En outre, dans cette édition 1775, la chanson s'intitule cette fois Chanson pour porter la santé du Respectable, ou d'un Vénérable Maître (au 2e vers du 1er couplet, cette alternative est même explicitement mise en évidence : les deux mots sont l'un au-dessus de l'autre, avec une accolade). La partition est encore (avec de minimes différences) dans une gravure différente de l'antérieure et de la postérieure, mais reste sur 2 pages.

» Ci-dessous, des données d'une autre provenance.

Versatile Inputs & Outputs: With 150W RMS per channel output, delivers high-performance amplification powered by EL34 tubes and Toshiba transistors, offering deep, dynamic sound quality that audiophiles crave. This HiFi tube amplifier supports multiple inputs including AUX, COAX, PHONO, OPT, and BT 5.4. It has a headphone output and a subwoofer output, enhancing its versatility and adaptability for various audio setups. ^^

On remarquera aussi qu'ici tous les vers sont ramenés à 8 pieds (Qu'un Vivat trois fois répété remplace Qu'un rouge bord & trois fois répété).

Chanson

 

Pour porter la santé du Vén. M. &c.

 

 

Unissons-nous à cette Table,
Pour célébrer le
Vénérable,
Qu'un Vivat trois fois répété,
Marque nos voeux pour sa santé.
Quelle santé pourrions-nous boire,
Qui fût plus chère à notre coeur ?
La Vertu fait toute sa gloire,
Et l'Amitié tout son bonheur.

 

 

 

Réponse du Maître

Pour répondre à vos vœux sinceres
Je bois à vous, mes très chers Frères ;
Puissent les plaisirs les plus doux,
Régner constamment parmi nous !
Que la vertu, toujours aimable,
Forme l’objet de nos désirs,
Que l’Amitié la plus durable,
Fasse à jamais tous nos plaisirs !

 

AUTRE par le Frère de VIGNOLES

Qui ne chérirait la tendresse,
Qui n'estimerait la sagesse,
Comme la source du bonheur,
Dès qu'on les puise en votre coeur ?
Par vos exemples, la première
Saura toujours se maintenir ;
Et la gloire de la dernière
Ne pourra jamais se ternir.

 

Pour la Santé des Surveillans & Officiers.

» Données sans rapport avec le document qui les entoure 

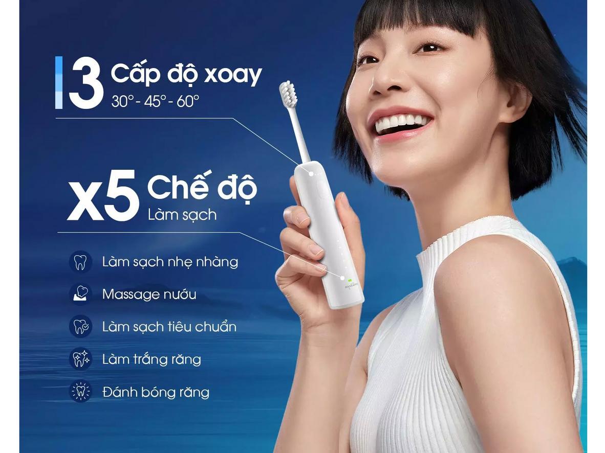 Thiết kế này cho phép làm sạch sâu mà vẫn nhẹ nhàng. Nếu bạn dễ ê buốt, chọn chế độ nhẹ; nếu muốn làm trắng, chọn chế độ chuyên sâu. Kết quả: nướu an toàn và men răng được bảo vệ lâu dài.

Surveillans, Ancien Vénérable,
Et de nos Frères cercle aimable,
Si je reconnois la valeur
De vos voeux pour mon vrai bonheur,
La même ardeur guide mon ame,
Et la même sincérité ;
Connoissez au feu qui m'enflamme
Mes désirs pour votre santé.

Une parodie de cette chanson figure dans les recueils dits de Jérusalem. Le premier couplet y est, hormis les 2 premiers vers, très semblable, et la couplet Réponse du Maître presque identique. 

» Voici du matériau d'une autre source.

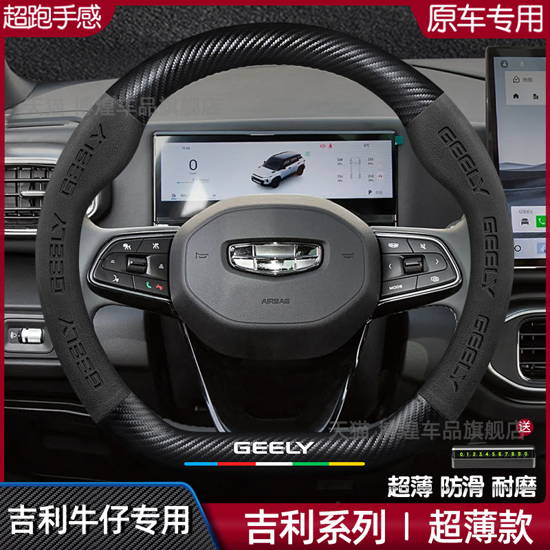 吉利デニムステアリングホイールカバー25モデルに適しています滑り止めカーボンファイバー本革オールシーズンユニバーサルスエードレザーハンドルバーカバー

C'est la version de la Lire qui sera reprise (pp. 403-4) au chansonnier de Holtrop, mais sans le troisième couplet (celui de Vignoles) et avec le titre A la santé du Vénérable et des Officiers. On le trouve aussi (p. 299) à la Muse de 1806, ainsi que (p. 74) à un autre chansonnier (Vrijmetselaars gezangen, chansons de francs-maçons) anonyme paru aux Pays-Bas et daté par Google (peut-être abusivement) de 1816.